Hi everyone,
With the sunsetting of LiteFS Cloud on the horizon , I’m in the process of migrating to Litestream + Tigris backup storage while continuing to use LiteFS with static leasing. However, I’ve encountered a few roadblocks. Currently, I can successfully replicate the database using only a single primary node, but I’m aiming to set up read-only replicas in different regions. Unfortunately, I’m running into the following error on any replica in regions other than the primary:
2024-10-09 17:11:14.425
time=2024-10-09T22:11:14.423Z level=ERROR msg="failed to run" error="ensure wal exists: disk I/O error"
2024-10-09 17:11:14.425
time=2024-10-09T22:11:14.423Z level=ERROR msg="error closing db" db=/litefs/my-db.db error="ensure wal exists: disk I/O error"
2024-10-09 17:11:14.417
level=INFO msg="fuse: write(): wal error: read only replica"
This error shows up after a new replica starts successfully, and the logs persist indefinitely.

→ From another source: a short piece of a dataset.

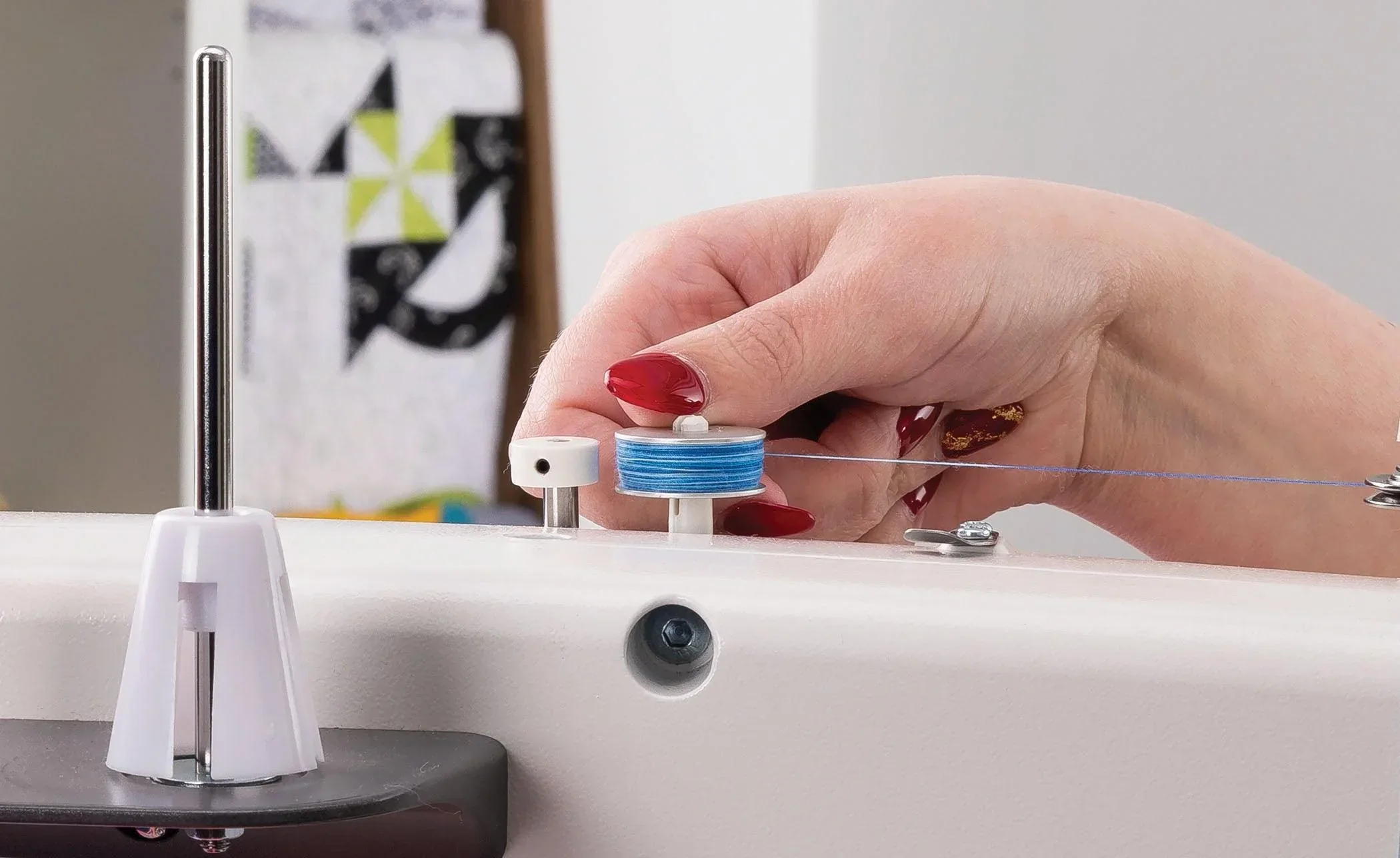 Unlike other long and midarm machines, the 21X Elite has a built-in bobbin winder to quickly wind your large M-Style bobbins. The machine’s bobbin cam is set so the bobbin will wind completely before the winder shuts off. For best results when winding a bobbin, Grace recommends 50-weight polyester thread on a cone.

Thinking through the issue, I suspect the problem lies in my litefs.yml
configuration. In the exec:
section, I’m currently using the following command:
- cmd: "litestream replicate -exec run-server"

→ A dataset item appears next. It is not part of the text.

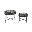 Embrace sustainable living with the Batu set of two side tables, handcrafted from eco-friendly black finish rattan. The top with raised edges prevents any spills and is supported by sleek yet sturdy black finished metal frame. The cross base of these rattan side tables offer stability and accentuates the skilfull weaving, adding a Bohemian touch to your contemporary or traditional living room.

based on the Fly.io LiteFS documentation, but since this command should only run on the primary node, I haven’t found a proper way to execute my app on replica nodes. I attempted something like this:
# If candidate, start server with replication using Litestream to S3
- cmd: "litestream replicate -exec run-server"
if-candidate: true
# If not candidate, just start the server
- cmd: "run-server"
if-candidate: false
But I don’t think if-candidate: false
is correct, because when deployed, the node always fails.
Is there a way to use the same LiteFS config for replicas, similar to how it was possible with dynamic leasing? Or how can I correctly solve this issue? Below is my full litefs.yml
configuration:
fuse:
dir: "${LITEFS_DIR}"
data:
dir: "/data/litefs"
exit-on-error: false
proxy:
addr: ":${INTERNAL_PORT}"
target: "localhost:${PORT}"
db: "${DB_URL}"
exec:
# Run migrations
- cmd: "goose -dir ${SCHEMAS_DIR} sqlite3 ${DB_URL} up"
if-candidate: true
# Set the journal mode for the database to WAL. This reduces concurrency deadlock issues
- cmd: "sqlite3 ${DB_FILE_URL} 'PRAGMA journal_mode = WAL;'"
if-candidate: true
# If candicate, start server with replication using litestring to S3
- cmd: "litestream replicate -exec run-server"
lease:
type: "static"
advertise-url: "http://${PRIMARY_REGION}.${FLY_APP_NAME}.internal:20202"
hostname: "${PRIMARY_REGION}.${FLY_APP_NAME}.internal"
candidate: ${FLY_REGION == PRIMARY_REGION}
promote: ${FLY_REGION == PRIMARY_REGION}